IgE is the least abundant immunoglobulin and tightly regulated, and IgE-producing B cells are rare. The cellular origin and evolution of IgE responses are poorly understood.

The cellular and clonal origin of IgE memory responses following mucosal allergen exposure by sublingual immunotherapy (SLIT) were investigated.

In a randomized double-blind, placebo-controlled, time course SLIT study, PBMCs and nasal biopsy samples were collected from 40 adults with seasonal allergic rhinitis at baseline and at 4, 8, 16, 28, and 52 weeks. RNA was extracted from PBMCs, sorted B cells, and nasal biopsy samples for heavy chain variable gene repertoire sequencing. Moreover, mAbs were derived from single B-cell transcriptomes.

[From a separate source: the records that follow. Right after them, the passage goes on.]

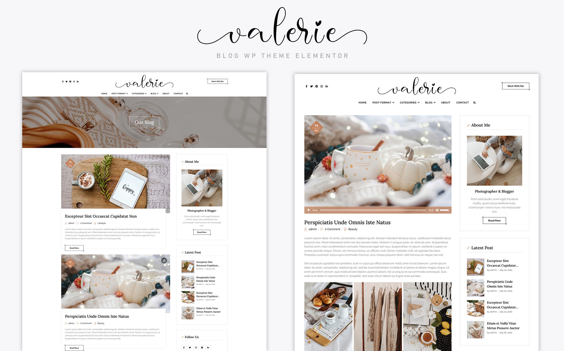 Create a stunning and modern blog with Valerie – a WordPress theme designed for bloggers who want to make a statement. Fully compatible with Elementor, eas
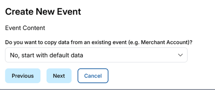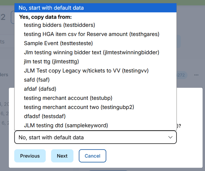 Use the arrow to populate previous events to allow you to choose the event you want to copy from.
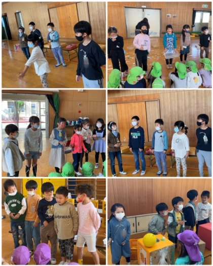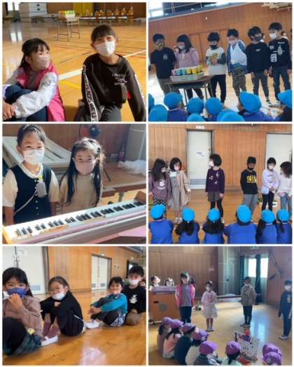 近隣の保育園、保育所、幼稚園の子どもたちを招待し、1年生と交流しました。
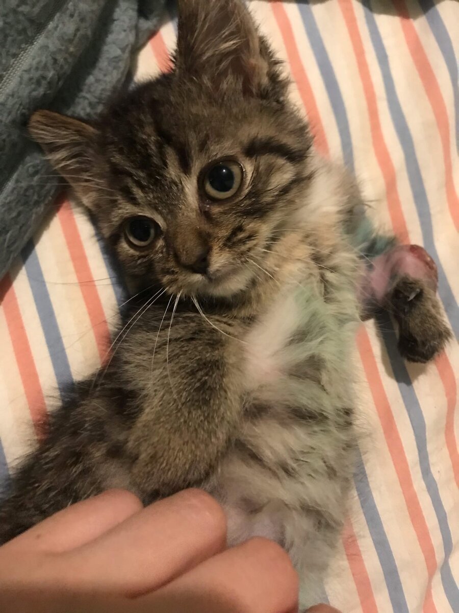 У нас новый крошечный подопечный… Так случилось, что его жизнь началась с подвалом и улицы… Достоверно не знаем, но скорее всего он родился у уличной кошки, потом что-то с ним случилось и он заболел. Два котенка оказались почему-то под кустиками, один был на вид здоров, а у второго была проблема с лапкой. Скорее всего собаки… а моет и люди постарались. Догадки строить е будем, не знаем… Стало ясно, что котенка надо срочно спасать. Сразу же поехали в клинику, мы очень надеялись, что лапку можно будет спасти. Но, к сожалению, разрыв нерва в плечевом сплетении восстановить невозможно. Минус еще в том, что в данном состоянии котенок скорее всего давно… Поэтому, врач посоветовал не мучать малыша лечением, так как лапка не восстановится… К тому же, есть вероятность заражения крови…
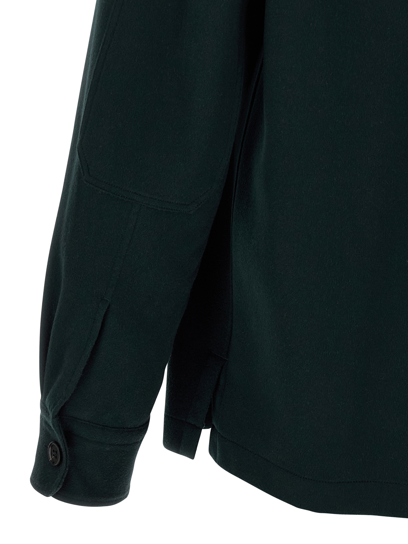 ‘Alba’ cashmere oasis shirt with front button closure, pockets, long cuffed sleeves, side slits, tone-on-tone leather ‘Zegna 232 Road Brand Mark’ patch on the back.

Combining heavy chain variable gene repertoire sequencing and single-cell transcriptomics yielded direct evidence of a parallel boost of 2 clonally and functionally related B-cell subsets of short-lived IgE⁺ plasmablasts and IgG⁺ memory B cells. Mucosal grass pollen allergen exposure by SLIT resulted in highly diverse IgE and IgG_E repertoires. These were extensively mutated and appeared relatively stable as per heavy chain isotype, somatic hypermutations, and clonal composition. Single IgG_E⁺ memory B-cell and IgE⁺ preplasmablast transcriptomes encoded antibodies that were specific for major grass pollen allergens and able to elicit basophil activation at very low allergen concentrations.

For the first time, we have shown that on mucosal allergen exposure, human IgE memory resides in allergen-specific IgG⁺ memory B cells. These cells rapidly switch isotype, expand into short-lived IgE⁺ plasmablasts, and serve as a potential target for therapeutic intervention.